» AIM OF THE EXERCISE
Repeat the data that follows verbatim. Images are not part of the copy.

(Entries taken from a collection)
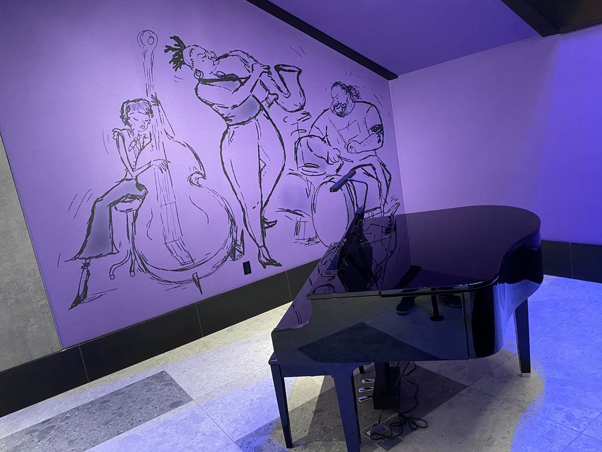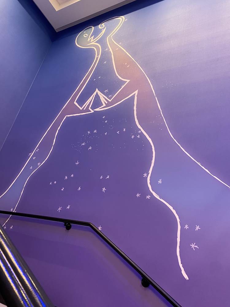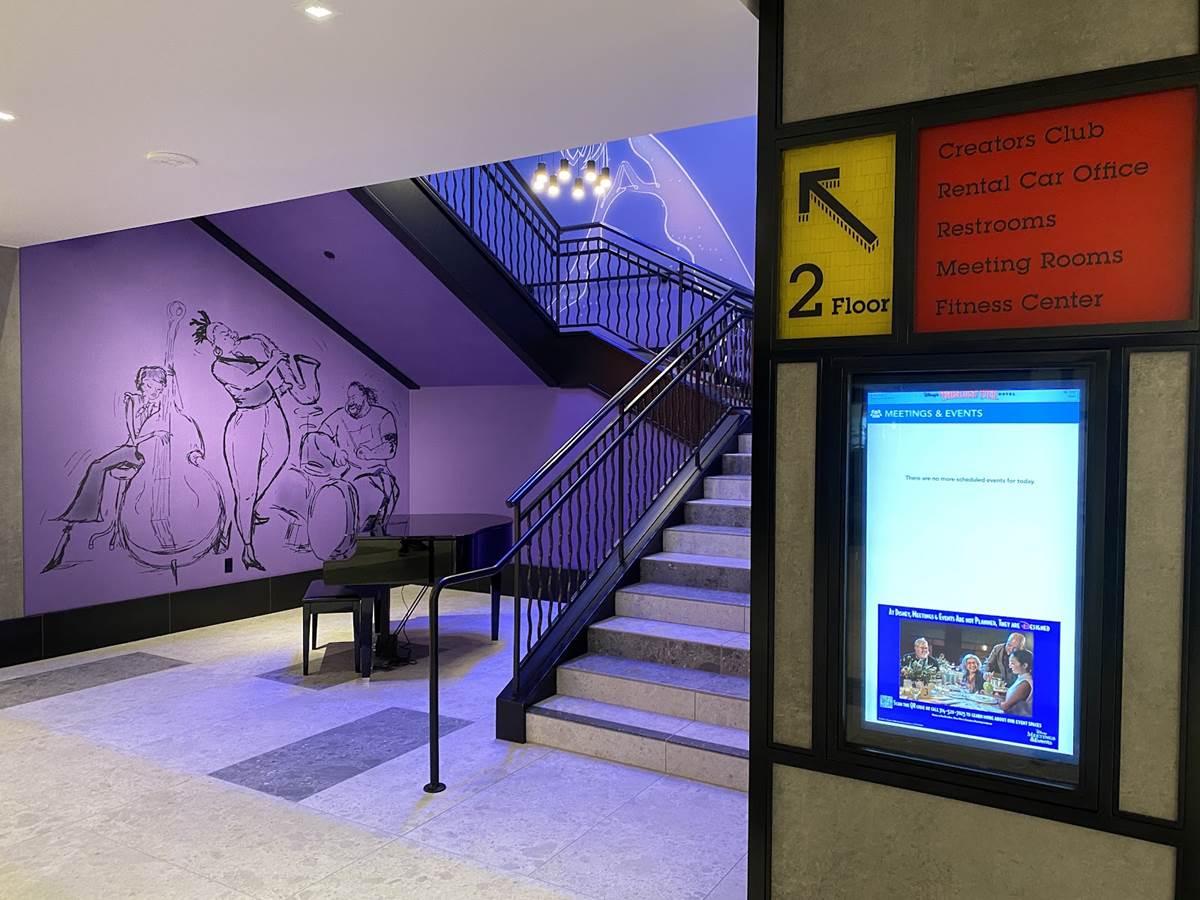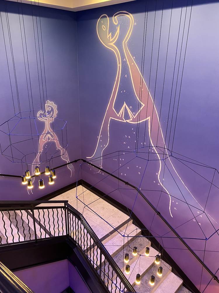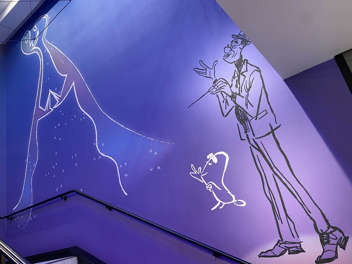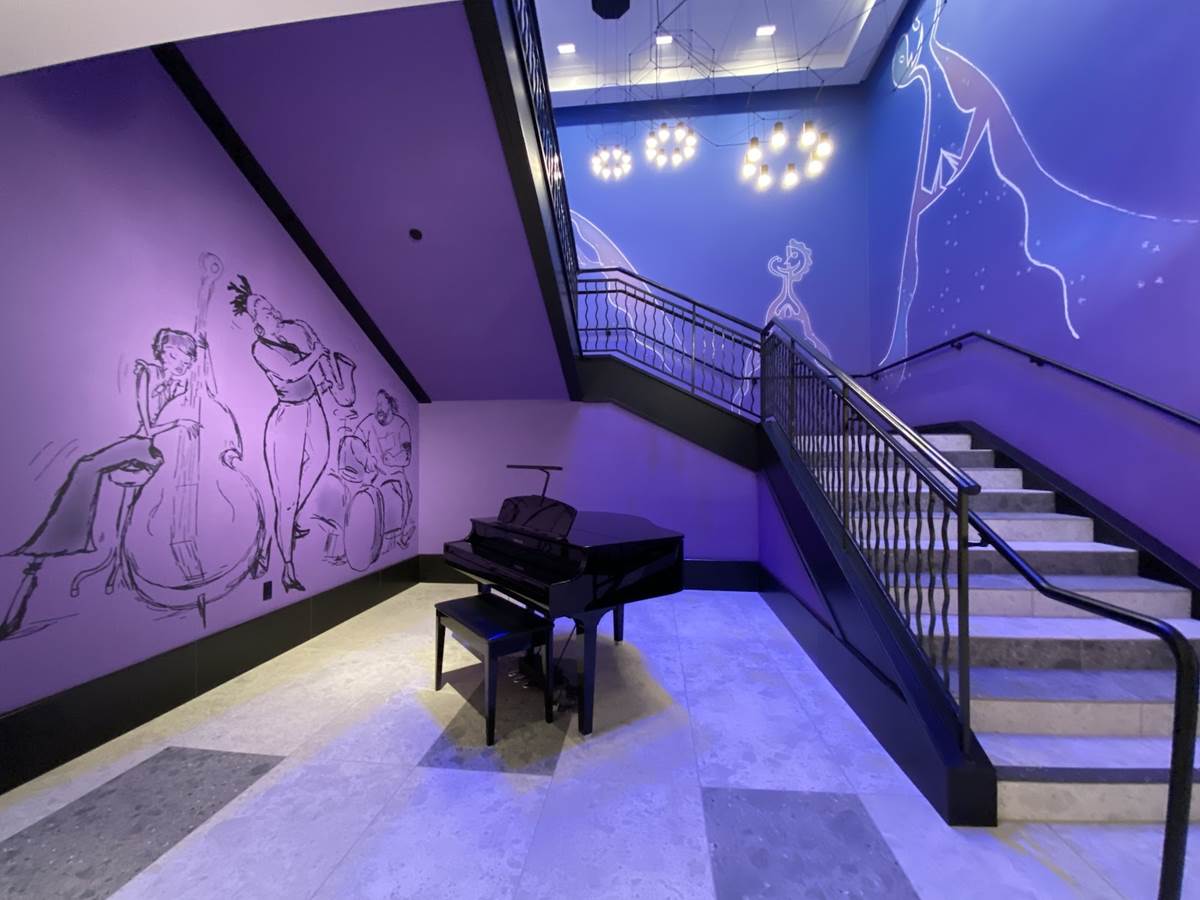 While there are plenty of character touches already found in the areas that guests can access, a standout for us is a staircase themed to one of the newer films in the Pixar catalog, Soul. The staircase is a deep purple, wrapping around a piano and surrounded by art featuring the counselors (AKA The Jerrys) from the film., as well as Joe Gardner and Dorothea’s jazz band.
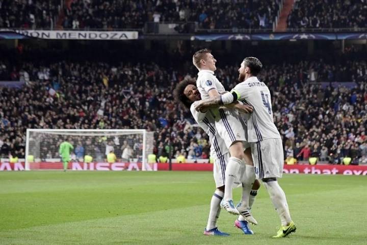 El choque se inició con sorpresa desde la comunicación de las alineaciones. La duda entre Lucas Vázquez o Isco en el conjunto blanco se resolvió inesperadamente a favor de James Rodríguez y con el colombiano sobre el tapete arrancó con brío el Madrid, disfrutando de la primera ocasión de gol Benzema en el primer minuto de juego.
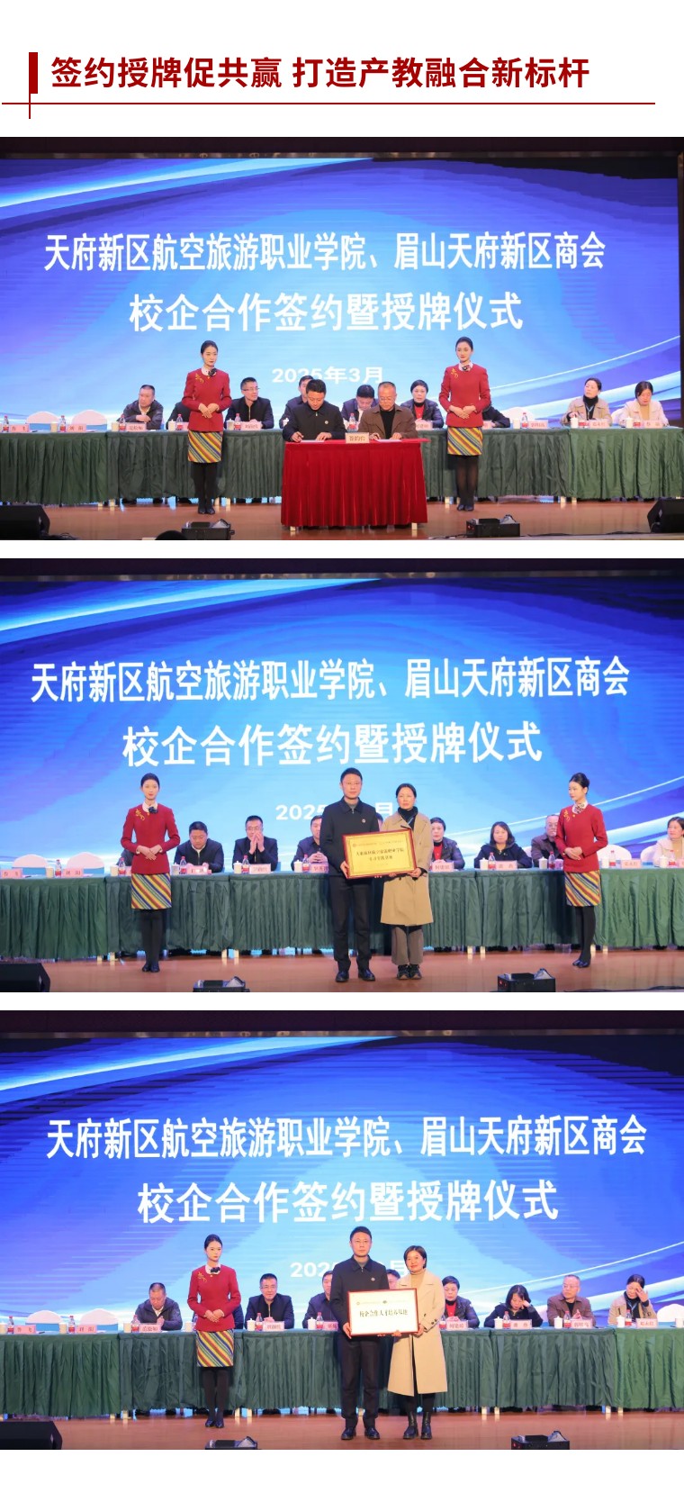 天府新區(qū)航空旅游職業(yè)學(xué)院與四川新達(dá)粘膠科技有限公司、四川五洲仁信科技有限公司、四川厚天科技股份有限公司簽署了校企合作協(xié)議,并進(jìn)行了“實(shí)習(xí)實(shí)踐基地”“人才培養(yǎng)基地”授牌儀式,校企雙方將圍繞訂單式培養(yǎng)、實(shí)訓(xùn)基地共建、師資共享、科研合作等展開(kāi)深度聯(lián)動(dòng)。
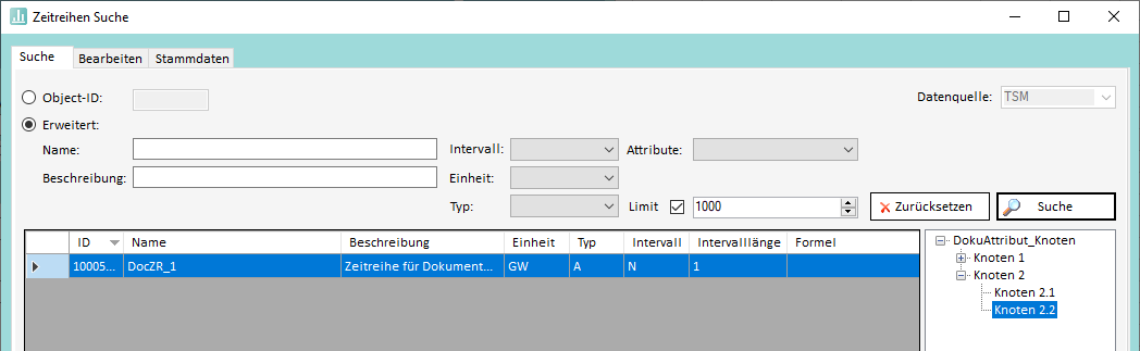 Die Systemattribute können im Bearbeiten-Tab der Zeitreihen Suche im Bereich "Erweitert" eingestellt werden:
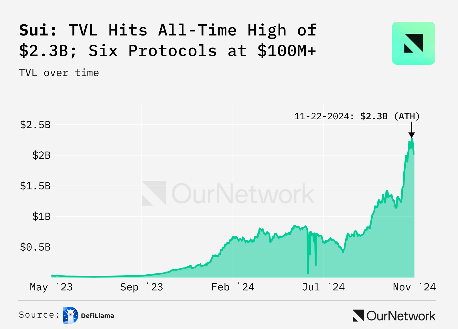 Sui 的总锁仓价值 (TVL) 在 11 月中旬达到历史新高,接近 23 亿美元。在短短 3 个月内,TVL 从 8 月的不到 4 亿美元激增了近 20 亿美元,展现了生态系统的快速扩张和用户的广泛采用。当前,SUI 的市值已达到 100 亿美元,日交易量约为 2.5 亿美元,Sui 正稳步确立其作为 DeFi 领域重要力量的地位。
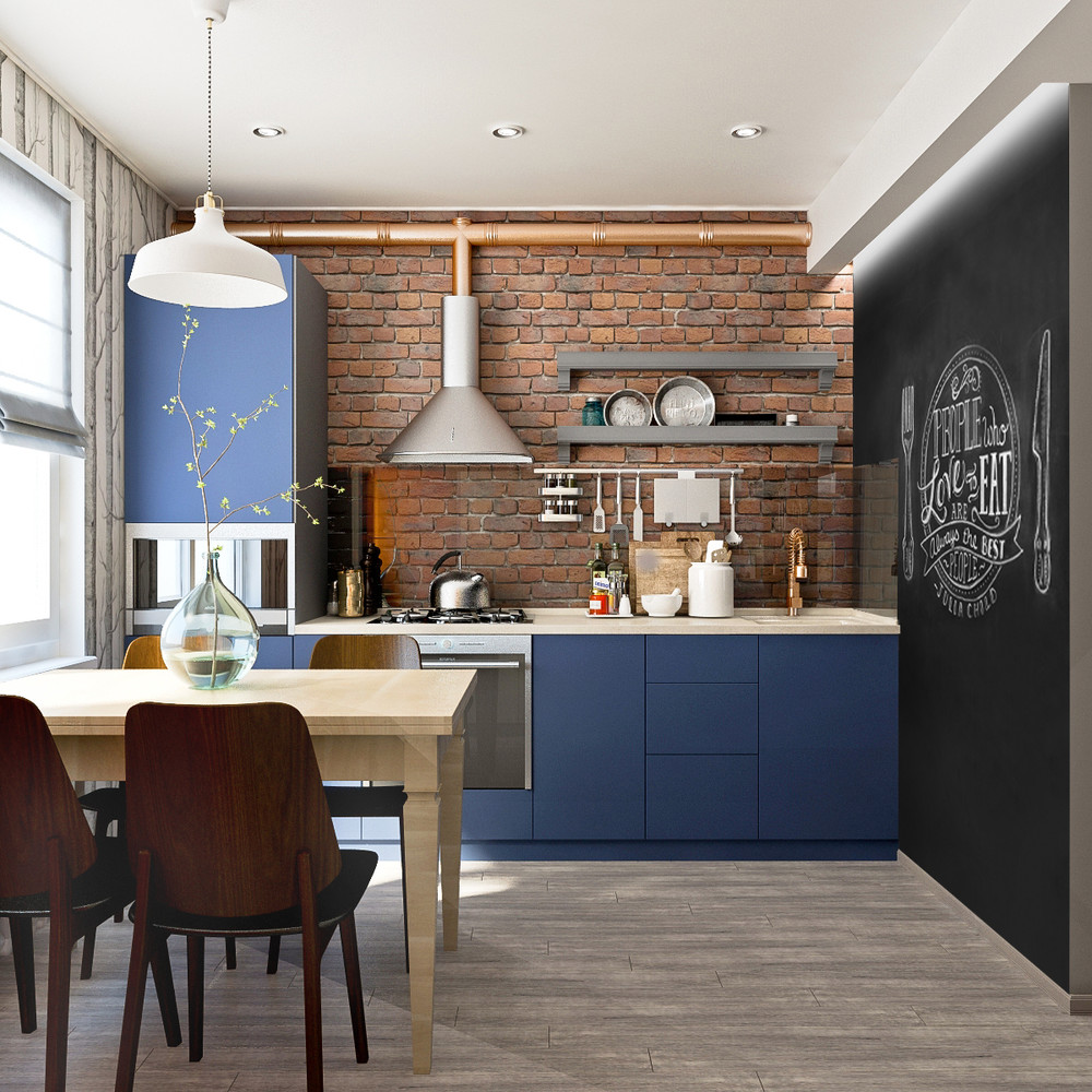 - Ещё одна небольшая кухня, оформленная в стиле неолофт
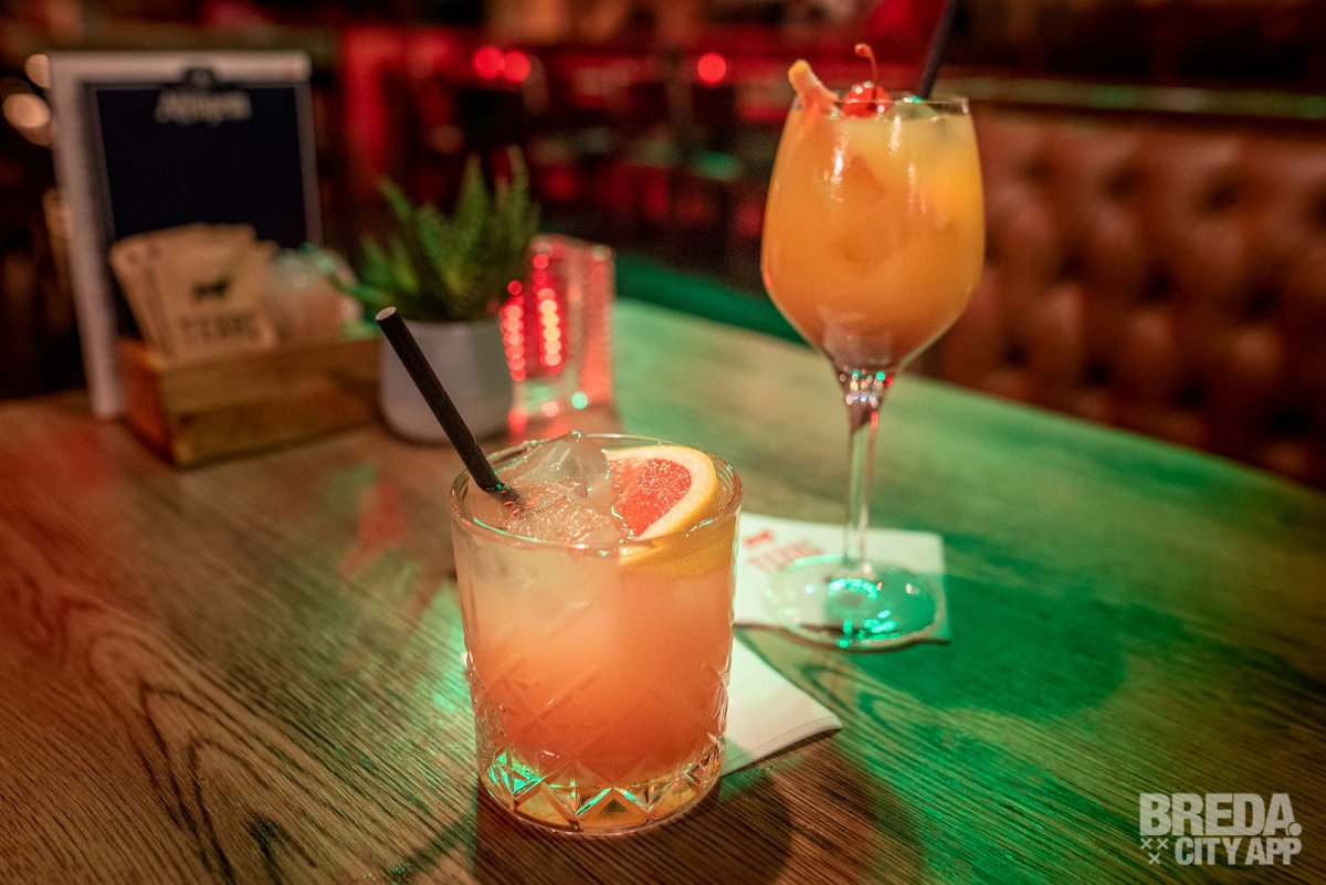 Ondertussen hebben we ons laten aanbevelen door de gastheer en hij heeft twee cocktails voor ons gemaakt. Ook vertelt hij ons dat hij een half jaar in Texas gewoond heeft en dat Texas Bar & Grill précies op de steakhouses lijkt die ze in Texas hebben, hoe leuk! Dan serveert hij onze cocktails. De Texas Sunrise en de Virgin Paloma komen op tafel. De Texas Sunrise is een cocktail die hij speciaal voor ons heeft samengesteld en is een mengsel van wodka, rum en zoete, fruitige sappen. De Virgin Paloma is de alcoholvrije versie van de meest gedronken cocktail in Texas en is bovendien erg lekker.
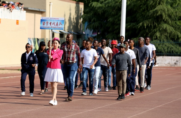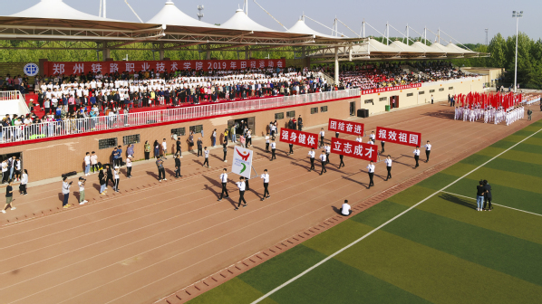 国旗护卫队身姿矫健,气宇轩昂;校旗队精神抖擞,舞动青春;会徽队三色装点,动感张力;教工方队意气风发,整齐划一;各学院方队满腔热忱、口号响亮。军士后学生方阵训练有素,英姿飒爽,践行着退伍不退色、男儿当自强的英勇气概;22名南非留学生阳光向上,活力四射,齐声高喊“我爱中国!”,彰显着我校国际化办学特色。迎风招展的红旗、振奋人心的标语、炫彩绽放的花束,体现了学校跨越式发展的良好态势,展现出铁院人崇德尚能、知行合一的精神追求。
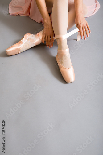 Obraz premium Ballet Dancer Tying Laces On Her Pointe Shoes.
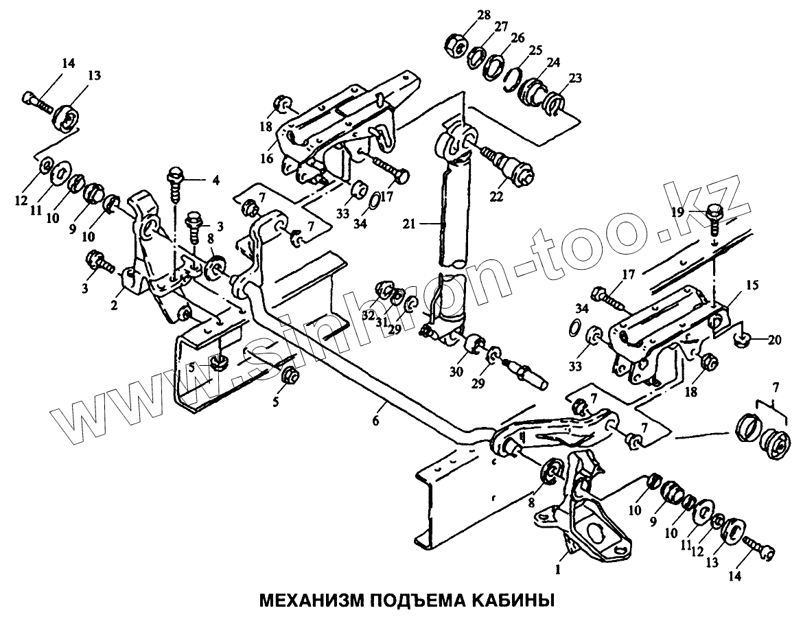 Каталог запасных частей к технике: Shaanxi SX-3255-DR 3804B 6х4. Механизм подъема кабины

» RESULT
 While there are plenty of character touches already found in the areas that guests can access, a standout for us is a staircase themed to one of the newer films in the Pixar catalog, Soul. The staircase is a deep purple, wrapping around a piano and surrounded by art featuring the counselors (AKA The Jerrys) from the film., as well as Joe Gardner and Dorothea’s jazz band.
 El choque se inició con sorpresa desde la comunicación de las alineaciones. La duda entre Lucas Vázquez o Isco en el conjunto blanco se resolvió inesperadamente a favor de James Rodríguez y con el colombiano sobre el tapete arrancó con brío el Madrid, disfrutando de la primera ocasión de gol Benzema en el primer minuto de juego.
 天府新區(qū)航空旅游職業(yè)學(xué)院與四川新達(dá)粘膠科技有限公司、四川五洲仁信科技有限公司、四川厚天科技股份有限公司簽署了校企合作協(xié)議,并進(jìn)行了“實(shí)習(xí)實(shí)踐基地”“人才培養(yǎng)基地”授牌儀式,校企雙方將圍繞訂單式培養(yǎng)、實(shí)訓(xùn)基地共建、師資共享、科研合作等展開(kāi)深度聯(lián)動(dòng)。
 Die Systemattribute können im Bearbeiten-Tab der Zeitreihen Suche im Bereich "Erweitert" eingestellt werden:
 Sui 的总锁仓价值 (TVL) 在 11 月中旬达到历史新高,接近 23 亿美元。在短短 3 个月内,TVL 从 8 月的不到 4 亿美元激增了近 20 亿美元,展现了生态系统的快速扩张和用户的广泛采用。当前,SUI 的市值已达到 100 亿美元,日交易量约为 2.5 亿美元,Sui 正稳步确立其作为 DeFi 领域重要力量的地位。
 - Ещё одна небольшая кухня, оформленная в стиле неолофт
 Ondertussen hebben we ons laten aanbevelen door de gastheer en hij heeft twee cocktails voor ons gemaakt. Ook vertelt hij ons dat hij een half jaar in Texas gewoond heeft en dat Texas Bar & Grill précies op de steakhouses lijkt die ze in Texas hebben, hoe leuk! Dan serveert hij onze cocktails. De Texas Sunrise en de Virgin Paloma komen op tafel. De Texas Sunrise is een cocktail die hij speciaal voor ons heeft samengesteld en is een mengsel van wodka, rum en zoete, fruitige sappen. De Virgin Paloma is de alcoholvrije versie van de meest gedronken cocktail in Texas en is bovendien erg lekker.
 国旗护卫队身姿矫健,气宇轩昂;校旗队精神抖擞,舞动青春;会徽队三色装点,动感张力;教工方队意气风发,整齐划一;各学院方队满腔热忱、口号响亮。军士后学生方阵训练有素,英姿飒爽,践行着退伍不退色、男儿当自强的英勇气概;22名南非留学生阳光向上,活力四射,齐声高喊“我爱中国!”,彰显着我校国际化办学特色。迎风招展的红旗、振奋人心的标语、炫彩绽放的花束,体现了学校跨越式发展的良好态势,展现出铁院人崇德尚能、知行合一的精神追求。
 Obraz premium Ballet Dancer Tying Laces On Her Pointe Shoes.
 Каталог запасных частей к технике: Shaanxi SX-3255-DR 3804B 6х4. Механизм подъема кабины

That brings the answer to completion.